The Americans came in for praise. “We were very fortunate [Bill] Clinton was president, good State Department advisers were evenhanded, Clinton’s speeches here were absolutely perfect, he got the nuances right, which meant he’d taken the trouble to understand it. [U.S. Special Envoy] George Mitchell had the patience of Job. I don’t know how he stood it year after year.”
Finally, Dunlop said, British Prime Minister Tony Blair told Northern Ireland, “The train is leaving, and either you’re on board or you’re not on board. But you have to understand, it’s going.” The booming voice of Northern Ireland’s most easily recognized and consistently anti-settlement political figure, cofounder of the Democratic Unionist Party, the Rev.

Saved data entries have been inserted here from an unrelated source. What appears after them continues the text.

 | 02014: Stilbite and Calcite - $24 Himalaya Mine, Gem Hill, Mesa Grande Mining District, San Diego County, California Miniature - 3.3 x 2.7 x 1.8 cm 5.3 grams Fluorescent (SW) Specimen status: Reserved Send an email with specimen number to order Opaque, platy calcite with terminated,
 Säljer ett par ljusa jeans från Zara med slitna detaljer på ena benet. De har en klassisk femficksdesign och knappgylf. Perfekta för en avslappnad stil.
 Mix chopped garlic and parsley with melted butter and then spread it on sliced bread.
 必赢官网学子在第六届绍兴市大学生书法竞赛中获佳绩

Ian Paisley, finally stepped in to assist the peace. Paisley (ennobled by Queen Elizabeth II as Baron Bannside) supported decommissioning. “Nobody quite knew why,” Dunlop said. “Someone said to me, ‘You know, John, he became a Christian.’ He said, ‘Seriously, it was a kind of spiritual insight he got.’ ”
Dunlop added, “Give this to Paisley, when he said he’d do something, he did it with some style.” The Ulster paramilitaries surrendered their arms.
Reynolds, a monk at Belfast’s Clonard Monastery for the past 28 years, said the settlement will continue to work because “it is based on the three essential political relationships: Britain-Ireland, Northern Ireland-Republican Ireland, and the internal politics in the north.”
The monk became involved in 1983 in an unexpected way. Irish sisters of the Family of Adoration established a convent in Belfast in 1980. The Family of Adoration, founded by a group of women in Paris in 1848 after the city’s archbishop was killed, came together in the conviction, Reynolds said, “that it is really on our knees before God we receive the gift of peace.” His involvement with the Family of Adoration led Reynolds into the broader work of the churches: creating a space for peace.
Reynolds continued, “They used to say, ‘There’ll always be fighting here.’ I used to say, ‘But God doesn’t want us to be fighting. If we work at what God wants, we’ll achieve it. And we’ve done it. We have it for export.’ ”
And the flags that still fly? Will they inevitably rot?
Reynolds said, “More than likely. Or be taken down and folded away. But I think we first have to bring people into an awareness of what we are creating, and what we can yet create.”
Meanwhile, the tourists happily flock to bustling, peaceful Belfast. Most are blissfully unaware of the significance of the elegant, towering lady, the “Beacon of Hope,” at Lanyon Place, in Belfast’s “Thanksgiving Square.”
Yet there she is as she stretches her arms up and out toward the future Reynolds and others foresee.